Astronomers Discover Possible 60s-Era Moon Rocket Booster Heading Back To Earth (teslarati.com) 66

An anonymous reader quotes Teslarati: On August 19th this year, astronomers using the Panoramic Survey Telescope and Rapid Response System observatory in Hawaii spotted an object destined to enter Earth orbit this fall. Designated as object 2020 SO, the item is now believed to be a rocket booster from NASA's Surveyor 2 mission which crash landed on the Moon in 1966 during the Apollo-era of the Cold War's space race.

"I suspect this newly discovered object 2020 SO to be an old rocket booster because it is following an orbit about the Sun that is extremely similar to Earth's, nearly circular, in the same plane, and only slightly farther away the Sun at its farthest point," Dr. Paul Chodas, the director of NASA's Center for Near Earth Object Studies, explained in comments to CNN.

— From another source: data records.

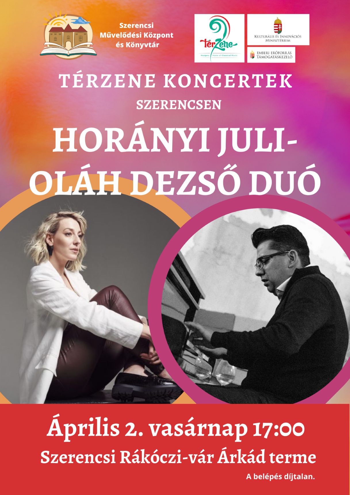 Horányi Juli énekes-dalszerző (a 2014-es X-Faktor második helyezettje) és Oláh Dezső Junior Príma-díjas zongoraművész-zeneszerző ad koncertet 2023. április 2-án, vasárnap 17 órától a Rákóczi-vár Árkád termében.
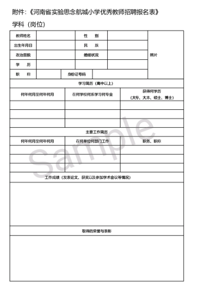 附件:《河南省實(shí)驗(yàn)思念航城小學(xué)優(yōu)秀教師招聘報(bào)名表》
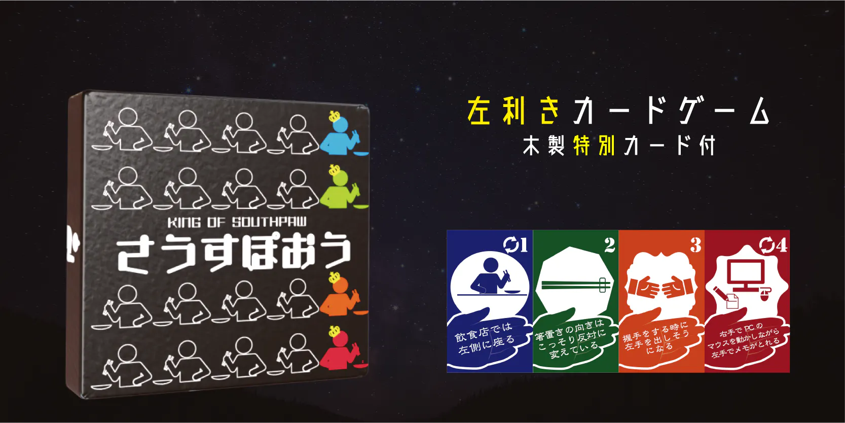 そんな左利きの切なさを消し去ることができないのなら、その切なさに「カードゲームとして楽しめる」という価値を付けて、ポジティブに向き合えるようになりたい。さうすぽおうは、そうした想いのもと制作されました。
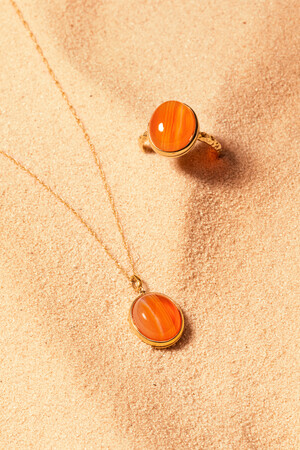 地金に施した槌目風の、大地のパワーを感じる力強いテクスチャーとは裏腹に、艶のあるオレンジアゲートの優しい丸みは、相反する魅力が際立つ。
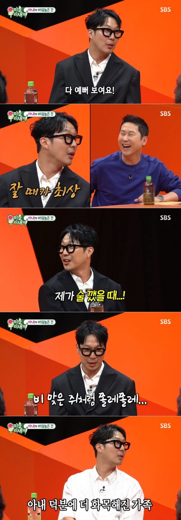 그는 “제일 무서울 때는 술 깼을 때다. 비 맞은 쥐처럼 쫄래쫄래 따라다닌다”고 고백했다. 하하는 아내의 푸는 방법으로 “최대한 불쌍하게 잔다. 세상의 짐을 다 지고 있는 듯 최대한 앓으면서 잔다. ‘으이그’ 하면서도 이내 쓰다듬어 주더라”고 털어놨다.
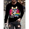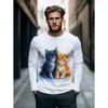 Samurai Cat T-Shirt for Men Funny Animal 3D Graphic Men's Long Sleeve Tee O-Neck Men's Clothing Japanese Anime Style Y2k Tops
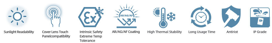 -Ruggedized for gloved operation, Multiple touch technologies (resistive, capacitive, optical)
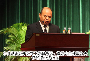 適應(yīng)新常態(tài),謀求新跨越。為貫徹落實中共長沙市委、瀏陽市委經(jīng)濟(jì)工作會議精神,表彰先進(jìn)企業(yè)和個人,認(rèn)真總結(jié)去年經(jīng)濟(jì)工作,全面部署今年經(jīng)濟(jì)工作,2015年3月17日,國家級瀏陽經(jīng)濟(jì)技術(shù)開發(fā)區(qū)2015年度經(jīng)濟(jì)工作會議在金陽藝術(shù)中心大劇院成功召開。中共瀏陽經(jīng)開區(qū)黨工委書記周岳云,黨工委副書記、管委會主任郭力夫等領(lǐng)導(dǎo)蒞臨大會現(xiàn)場。綠之韻集團(tuán)作為受表彰的企業(yè)參加了會議,綠之韻集團(tuán)董事常務(wù)副總裁勞嘉、集團(tuán)黨總支部書記許達(dá)仲、綠之韻國際大酒店副總經(jīng)理胡均安等應(yīng)邀出席。
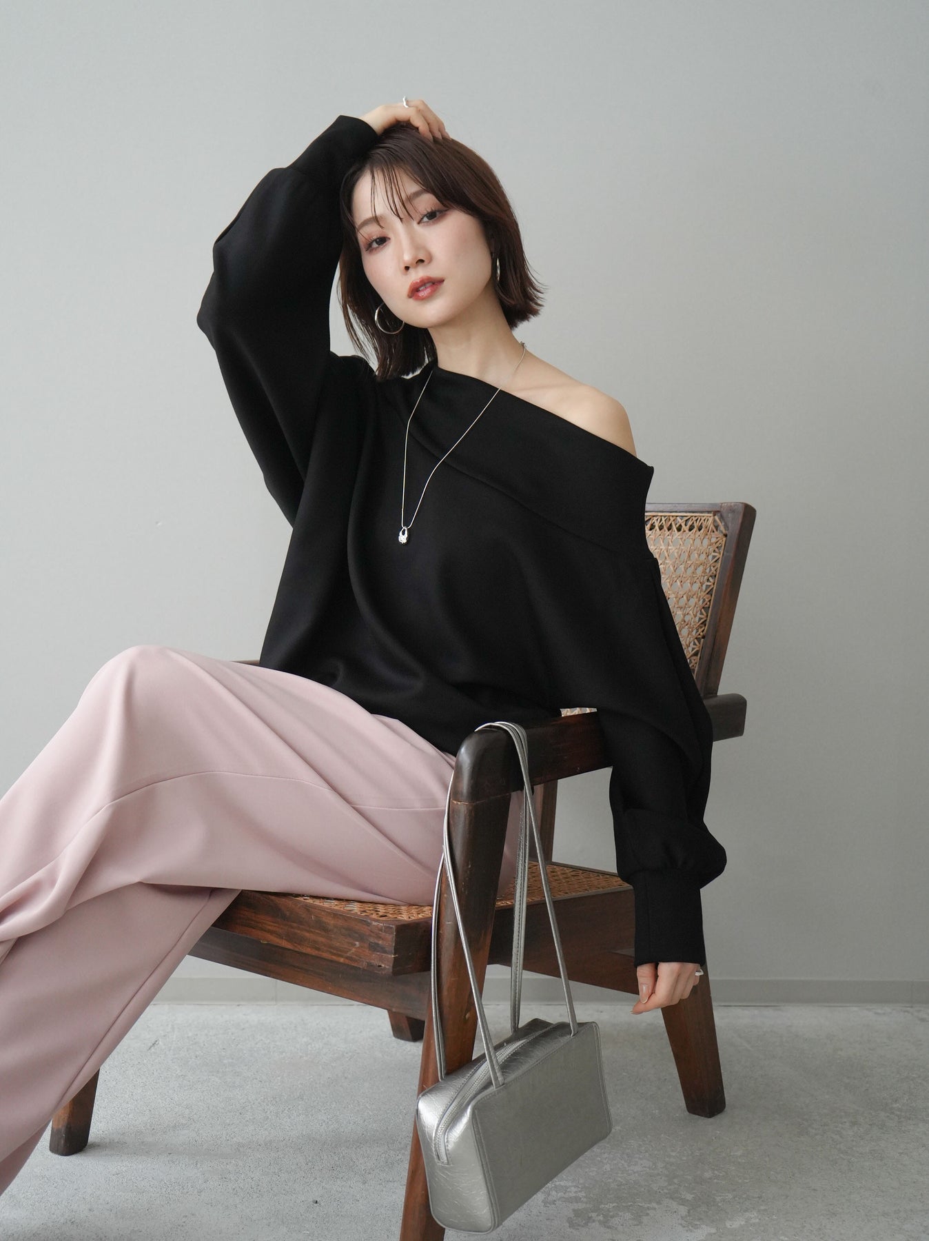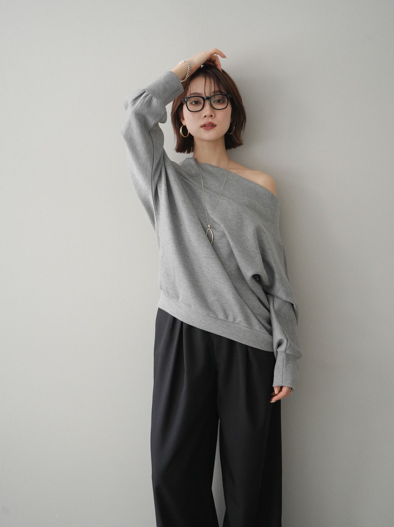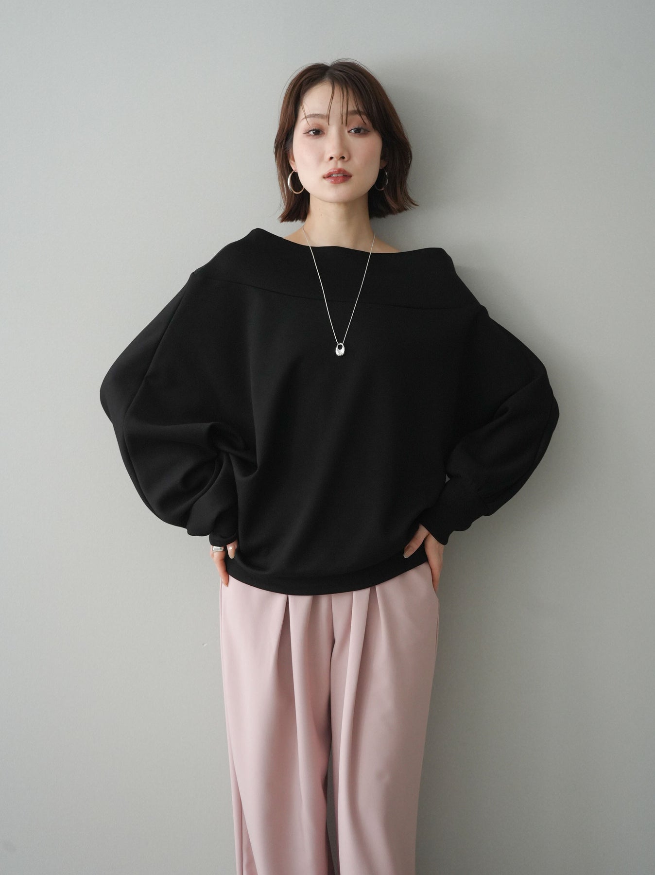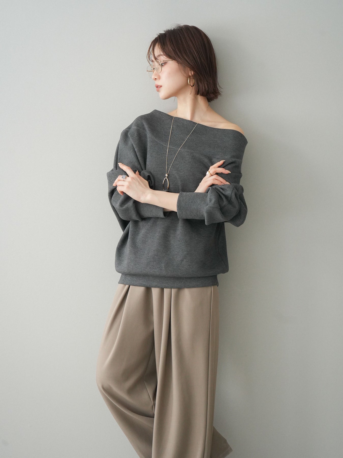 [SET]アシンメトリーオフショルポンチプルオーバー+選べるアクセセット(2set)

"That's precisely the kind of orbit that a rocket stage separated from a lunar mission would follow, once it passes by the Moon and escapes into orbit about the Sun. It's unlikely that an asteroid could have evolved into an orbit like this, but not impossible," he said. This specific type of event has only happened once before, namely in 2002 with a Saturn V upper stage from Apollo 12, according to Dr. Chodas.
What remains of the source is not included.